DATA FOR THIS TASK:
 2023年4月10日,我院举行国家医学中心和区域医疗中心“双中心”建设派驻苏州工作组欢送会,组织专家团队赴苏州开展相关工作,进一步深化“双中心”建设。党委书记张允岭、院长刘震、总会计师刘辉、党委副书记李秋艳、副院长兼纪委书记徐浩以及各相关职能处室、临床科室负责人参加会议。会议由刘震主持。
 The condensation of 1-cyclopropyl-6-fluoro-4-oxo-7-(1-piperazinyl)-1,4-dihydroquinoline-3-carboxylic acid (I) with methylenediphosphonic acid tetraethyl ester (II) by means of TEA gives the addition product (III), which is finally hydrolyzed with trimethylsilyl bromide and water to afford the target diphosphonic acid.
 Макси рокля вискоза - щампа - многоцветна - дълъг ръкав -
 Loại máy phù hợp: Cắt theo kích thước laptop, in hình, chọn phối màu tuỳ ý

...

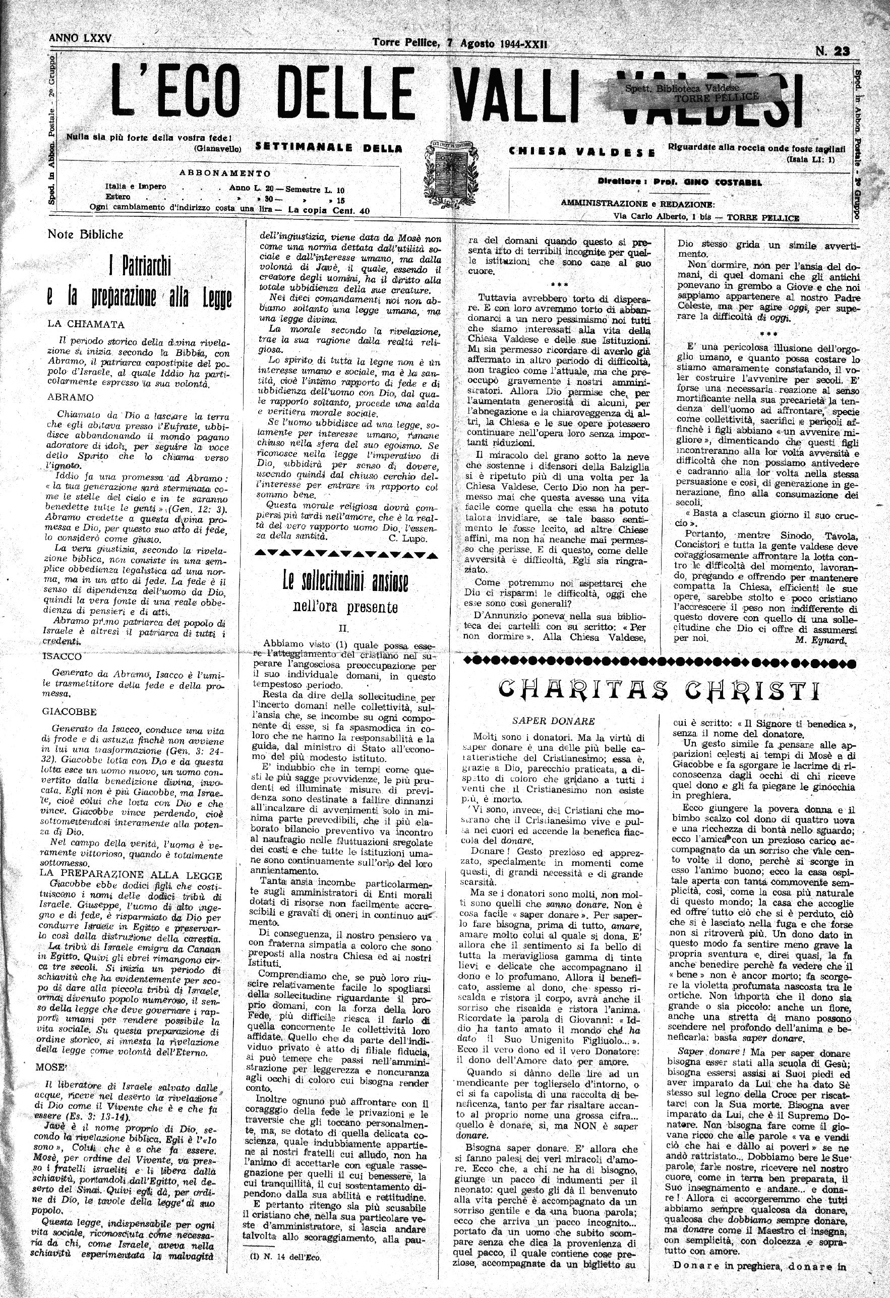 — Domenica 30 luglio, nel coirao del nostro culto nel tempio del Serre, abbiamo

* * *

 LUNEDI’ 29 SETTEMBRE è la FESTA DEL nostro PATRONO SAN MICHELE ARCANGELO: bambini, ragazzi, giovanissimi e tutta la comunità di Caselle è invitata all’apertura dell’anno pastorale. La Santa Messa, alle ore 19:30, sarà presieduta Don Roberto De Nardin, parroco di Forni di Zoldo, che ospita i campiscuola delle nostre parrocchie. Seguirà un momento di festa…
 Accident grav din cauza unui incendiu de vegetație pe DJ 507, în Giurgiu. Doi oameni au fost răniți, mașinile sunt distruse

HOW TO COMPLETE THIS TASK: Only the lines above from the line containing "LUNEDI’ 29 SETTEMBRE" through the line containing "Accident grav din" should be retyped, exactly and with both ends included.

RESPONSE TO THE TASK:
 LUNEDI’ 29 SETTEMBRE è la FESTA DEL nostro PATRONO SAN MICHELE ARCANGELO: bambini, ragazzi, giovanissimi e tutta la comunità di Caselle è invitata all’apertura dell’anno pastorale. La Santa Messa, alle ore 19:30, sarà presieduta Don Roberto De Nardin, parroco di Forni di Zoldo, che ospita i campiscuola delle nostre parrocchie. Seguirà un momento di festa…
 Accident grav din cauza unui incendiu de vegetație pe DJ 507, în Giurgiu. Doi oameni au fost răniți, mașinile sunt distruse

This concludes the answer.